Я изложил здесь так подробно обстоятельства моего незначительного, в сущности, проступка только для того, чтобы показать всю непостижимость людского поведения, словом, всю странность этой жизни в этой странной части света, среди странных людей и на этом престранном сооружении, сработанном из английского дуба, который для меня сейчас и ковчег, и темница одновременно (я конечно же не случайно употребил слово «ковчег», но в надежде, что заключенный в нем коломбур покажется тебе занятной).

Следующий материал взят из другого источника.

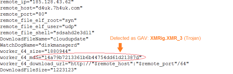 The Trojan uses the remote host d4uk.7h4uk.com which has been seen associated with different malwares. The main mining Trojan is an ELF file based on XMRig, a Monero (XMR) CPU miner.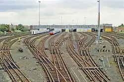 The new station opened on 18 December 1932 [8]: 72 [9] with the current name. It has two island platforms serving four sets of tracks (two eastbound and two westbound) and is connected directly to the Northfields depot immediately to the west of the station and south of the tracks. Trains may terminate at Northfields station and then run on to the west to enter the depot. To avoid operational conflicts between the eastbound depot exit track and the westbound running track to Boston Manor, the westbound running track passes under the depot track in a cutting. Trains normally enter and exit service at Northfields although there is also a single track connection from the depot to the westbound running track west of Boston Manor.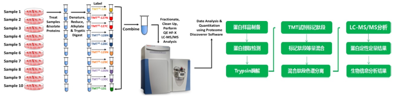 不同樣本標(biāo)記后混樣,統(tǒng)一處理、上機(jī),與非標(biāo)記定量樣本單獨(dú)處理、上機(jī)比較,減少了樣本處理和上機(jī)造成的實(shí)驗(yàn)誤差,提供了定量的準(zhǔn)確性和重復(fù)性。

Но вернемся к моему рассказу. Помолившись, я стал размышлять, как наилучшим образом избежать возможных недоразумений в будущем — как сделать так, чтобы лежащая на мне печать освященности была бы сразу для всех очевидна. Я снова снял с себя все, кроме рубахи и панталон, и раздетый принялся рассматривать себя в маленьком зеркальце, которым пользуюсь при бритье. Оказалось, что это не так уж просто. Ты помнишь дырочку от выпавшего сучка в доске сарая, через которую мы детьми наблюдали, бывало, за Джонатаном, или за нашей бедной, теперь уже отошедшей в лучший мир матушкой, или за управляющим его светлости, мистером Джолли? А помнишь ли ты и то, как, заскучав, мы начинали вертеть головой, чтобы выяснить, какая часть внешнего мира открыта нам для наблюдения через малюсенькую дырку? И еще хвастались, как много всего мы таким способом можем увидеть — от усадьбы до вершины холма, помнишь? Таким же точно манером я так и сяк прилаживался к зеркалу и прилаживал зеркало к себе. Но что это я, право! Вздумал объяснять — если письмо это все-таки отправится когда-нибудь по назначению — представительнице прекрасного пола, как пользоваться зеркалом, и наставлять ее в искусстве, не побоюсь этого слова, «самолюбования»! В моем собственном случае я конечно же вкладываю в это слово несколько иной смысл, разумея не столько самодовольство, сколько изумление при виде себя самого. Поводов для изумления увиденное мною давало более чем достаточно, а вот для одобрения — самую малость. До той минуты я не вполне понимал, как сурово солнце может расправиться с лицом, которое ничем не защищено от почти вертикально бьющих лучей.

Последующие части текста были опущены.